Saying “no one should go to work, to school or to church wondering if they will come home,” Northam announced at a June 4 news conference that he will call state lawmakers in a special session to consider gun control measures, including universal background checks and limits on ammunition magazines.

“We must do more than give our thoughts and prayers.

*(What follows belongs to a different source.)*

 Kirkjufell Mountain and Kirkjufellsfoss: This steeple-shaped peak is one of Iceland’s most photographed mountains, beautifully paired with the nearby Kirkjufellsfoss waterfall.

We must give Virginians the action they deserve,” Northam said. “I will be asking for votes and laws, not thoughts and prayers.”

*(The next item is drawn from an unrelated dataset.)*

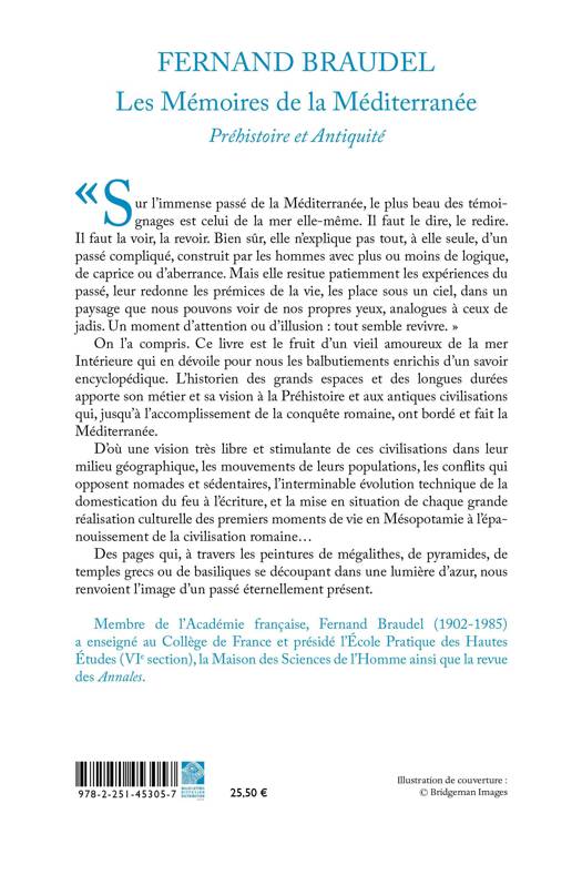 Sur l'immense passe de la Mediterranee, le plus beau des temoignages est celui de la mer elle-meme. Il faut le dire, le redire. Il faut la voir, la revoir. Bien sur, elle n'explique pas tout, a elle seule, d'un passe complique, construit par les hommes avec plus ou moins de logique, de caprice ou d'aberrance. Mais elle resitue patiemment les experiences du passe, leur redonne les premices de la vie, les place sous un ciel, dans un paysage que nous pouvons voir de nos propres yeux, analogues a ceux de jadis. Un moment d'attention ou d'illusion: tout semble revivre. On l'a compris. Ce livre est le fruit d'un vieil amoureux de la mer Interieure qui en devoile pour nous les balbutiements enrichis d'un savoir encyclopedique. L'historien des grands espaces et des longues durees apporte son metier et sa vision a la Prehistoire et aux antiques civilisations qui, jusqu'a l'accomplissement de la conquete romaine, ont borde et fait la Mediterranee. D'ou une vision tres libre et stimulante de ces civilisations dans leur milieu geographique, les mouvements de leurs populations, les conflits qui opposent nomades et sedentaires, l'interminable evolution technique de la domestication du feu a l'ecriture, et la mise en situation de chaque grande realisation culturelle des premiers moments de vie en Mesopotamie a l'epanouissement de la civilisation romaine... Des pages qui, a travers les peintures de megalithes, de pyramides, de temples grecs ou de basiliques se decoupant dans une lumiere d'azur, nous renvoient l'image d'un passe eternellement present.

However, Republicans control both houses of the legislature, and GOP leaders quickly pushed back.

House Speaker Kirk Cox called the special session “hasty and suspect when considered against the backdrop of the last few months” — a not-so-subtle reference to Northam’s ongoing political troubles since a photo surfaced in January of a man in blackface on his medical school yearbook page.

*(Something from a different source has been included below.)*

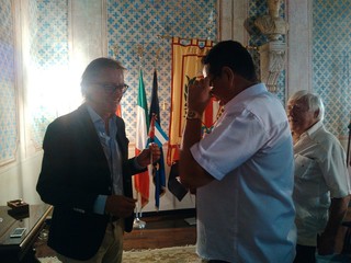 Accanto al sindaco, la consigliera Emanuela Guerra (per una singolare coincidenza è omonima dell'ospite Guerra Rosabal) ha donato al delegato ICAP alcuni libri sulla storia di Albenga. La consigliera Ilaria Calleri, con delega alla tutela e valorizzazione dei prodotti del territorio, ha invece descritto all'ospite una carrellata delle tipicità ed eccellenze ingaune.

Northam has since resisted calls for him to resign, including from a number of fellow Democrats.

The Republican Party of Virginia denounced Northam’s “gun-grab session” as “craven” and accused him in a statement of trying to “take advantage of this tragedy to try and boost his own disgraced image.”

Cox also noted that while the governor can summon lawmakers into special session, “he cannot specify what the General Assembly chooses to consider or how we do our work.”

“We intend to use that time to take productive steps to address gun violence by holding criminals accountable with tougher sentences — including mandatory minimums,” he said in a statement.

Northam has previously vetoed bills establishing mandatory minimum sentences for criminal offenders, which he says disproportionately affect people of color.

Republicans hold a 51-49 majority in the House of Delegates and a 21-19 majority in the Senate, which means Northam’s gun control proposals would need at least two Republican votes in each chamber to pass.

The governor said he would propose bans on magazines holding more than 10 rounds of ammunition, bump stocks and silencers; universal background checks; new “extreme risk” protective orders to keep guns out of the hands of people who might be violent; and a limit on purchases of handguns to no more than one a month.

Those proposals failed to pass in the last regular session of the legislature, but Northam said he would try to pass them again because “it is wrong, it is outrageous, it is unforgivable to turn our municipal centers, our schools, our churches and synagogues and mosques into battlefields.”

However, the National Rifle Association noted in a statement that “none of the governor’s gun control proposals would have prevented the horrible tragedy at Virginia Beach.”

According to police, the shooter who killed 12 people in a Virginia Beach municipal building had legally purchased his weapons and had no criminal convictions or mental health issues that would have resulted in a protective order.

He did, however, use a silencer, which may have contributed to the death toll by delaying the law enforcement response to the sound of gunfire.

The murders in Virginia Beach marked the second time the commonwealth has been rocked by mass violence.

In 2007, a mentally ill Virginia Tech student killed 32 people in two campus buildings, in what remains the deadliest school shooting in U.S. history.